Artigo 7.º — Direcção de Serviços de Estudos e Planeamento
A Direcção de Serviços de Estudos e Planeamento, abreviadamente designada por DSEP, apoia os órgãos da DGRS em matéria de planificação de actividades, relações internacionais, organização estrutural interna, documentação, relações públicas e comunicação, competindo-lhe:
Assegurar a recolha, tratamento e análise de dados de gestão;
Elaborar os planos e relatórios de actividades da DGRS;
Elaborar estudos técnicos e recolher elementos estatísticos e indicadores de gestão;
Conceber e desenvolver formas de cooperação com entidades públicas e privadas para a implementação de acções de prevenção criminal visando a prevenção da reincidência;
Conceber e desenvolver programas de instalação e de gestão de equipamentos na comunidade de apoio à reinserção social de jovens e adultos;
Desenvolver as actividades necessárias ao suporte de projectos de prevenção criminal e de reinserção social de jovens e adultos, com recurso a fontes de financiamento;
Acompanhar experiências e modelos de intervenção noutros países, nas áreas de intervenção da DGRS;
Superintender na organização da informação e documentação da DGRS;
Programar e coordenar a aquisição, permuta e oferta de publicações;
Assegurar os procedimentos inerentes à edição e distribuição de publicações da responsabilidade da DGRS;
Assegurar o funcionamento do sistema de documentação e informação científica e técnica;
Promover a organização do ficheiro de legislação, jurisprudência, convenções, recomendações e de toda a documentação normativa com interesse para a DGRS e o acesso à consulta de ficheiros de outras entidades;
Concepção e actualização de página na Internet e intranet;
Coadjuvar a Direcção nos contactos com órgãos de comunicação social;
Assegurar o funcionamento das relações públicas.
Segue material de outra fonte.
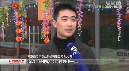 南京鼎态丰农业科技有限公司耿心雨:基地就在家门口,对我来说很方便,而且在这里干,感到特别有意思也特别充实,每天能接触到各色各样的游客,在黄博士那里也能学到不少农业科技知识,很有干劲,在这里发展,我觉得很有奔头。
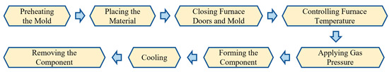 The principle of SPF lies in utilizing the exceptional plastic deformation ability of materials under high temperature and low strain rate conditions to produce high-precision and complex-shaped metal components. A typical process is shown in Figure 1, where the material forming process exhibits high continuity. Key steps in the process include controlling furnace temperature and applying gas pressure, all of which ensure the forming quality of the final product. The SPF equipment primarily comprises units such as hydraulic presses, heating systems, and pneumatic systems, all of which are highly interdependent.
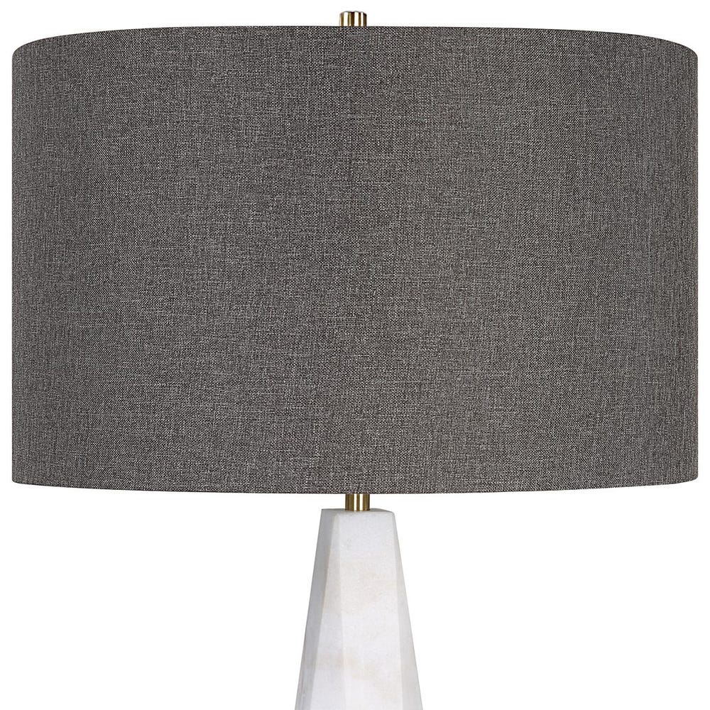 Modern yet classic, this table lamp displays an elegant white honed marble base with natural gray veining and metal accents finished in antique brass. A charcoal gray drum shade complements the piece.
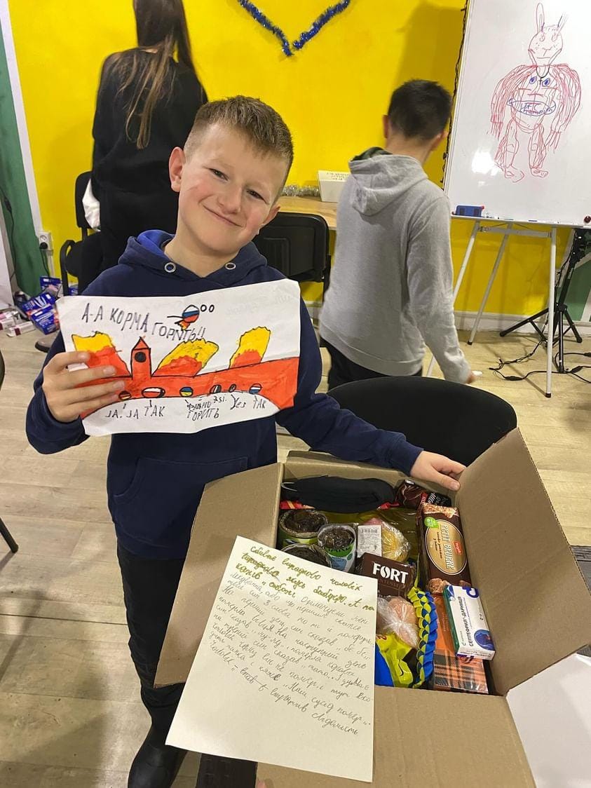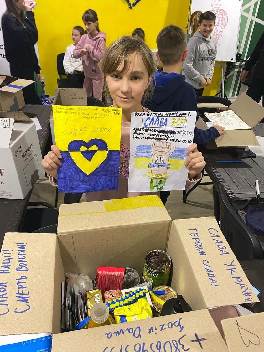А ще у дітей виникла ідея залишити в листах або ж на коробках свої номери телефонів, аби воїни відразу ж при можливості зателефонували до них і діти могли особисто сказати: “Дякую!!! Слава Україні!”
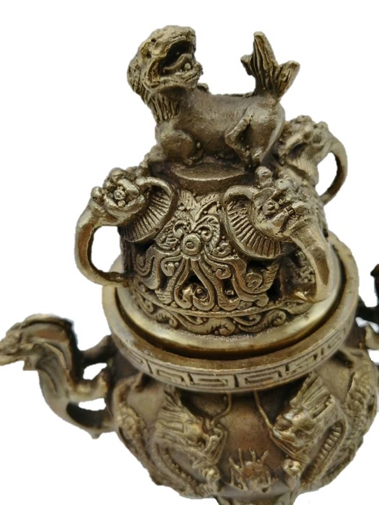 香炉 獅子 龍 銅製開運風水 九龍香炉 大 香炉 茶器 酒壺 香立て 開運風水龍置物 おしゃれ オフィス 玄関先 お香たて 香皿 香立 祝い 誕生日 プレゼント バリ雑貨 アジアン 雑貨 仏像 開運祈願 金運祈願 新品
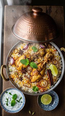 Aromatic chicken biryani served in a traditional copper pot with rice, spices, and herbs, accompanied by raita and lime.
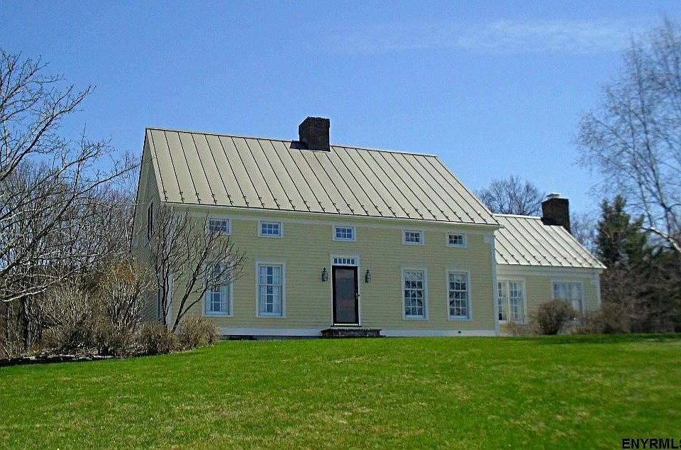 This beautiful custom built eyebrow colonial sits high on a hill with commanding views of farmland, woods and Catskill Mtns. Built in 1992 by the current owners the home has open living on the first flr with formal liv rm with gas frpl, formal dining rm, den, full bath, laundry/craft rm, foyer, kitchen w/center island and sunny breakfast rm. Master bed suite is on the second flr w/closet and full bath. Two other generous sized bed along with full bath. Full Basement. 5.81 acres. Inground pool, 2 car garage

Artigo 8.º — Delegações regionais
1 - Às delegações regionais compete assegurar a orientação, coordenação e controlo da actividade operativa, exercer as actividades da DGRS que, por lei ou decisão superior, devam ser prosseguidas no âmbito regional e local, bem como assegurar a prática de actos de gestão corrente que não sejam próprios dos serviços centrais.
2 - As delegações regionais são dirigidas por delegados regionais, cargos de direcção intermédia de 1.º grau.
3 - No âmbito das delegações regionais actuam equipas de reinserção social, criadas por despacho do director-geral.
Artigo 9.º — Centros educativos
1 - Os centros educativos visam a reinserção social de jovens através da execução das medidas de internamento previstas na Lei Tutelar Educativa, aprovada pela Lei n.º 66/99, de 14 de Setembro.
2 - Os centros educativos são dirigidos por um director, cargo de direcção intermédia de 1.º grau.
3 - Os centros educativos integram ainda:
Conselhos pedagógicos, nos termos previstos na lei;
Equipas de reinserção social.
Artigo 10.º — Entrada em vigor
A presente portaria entra em vigor no 1.º dia do mês seguinte ao da sua publicação.
O Ministro de Estado e das Finanças, Fernando Teixeira dos Santos, em 24 de Abril de 2007. - O Ministro da Justiça, Alberto Bernardes Costa, em 26 de Abril de 2007.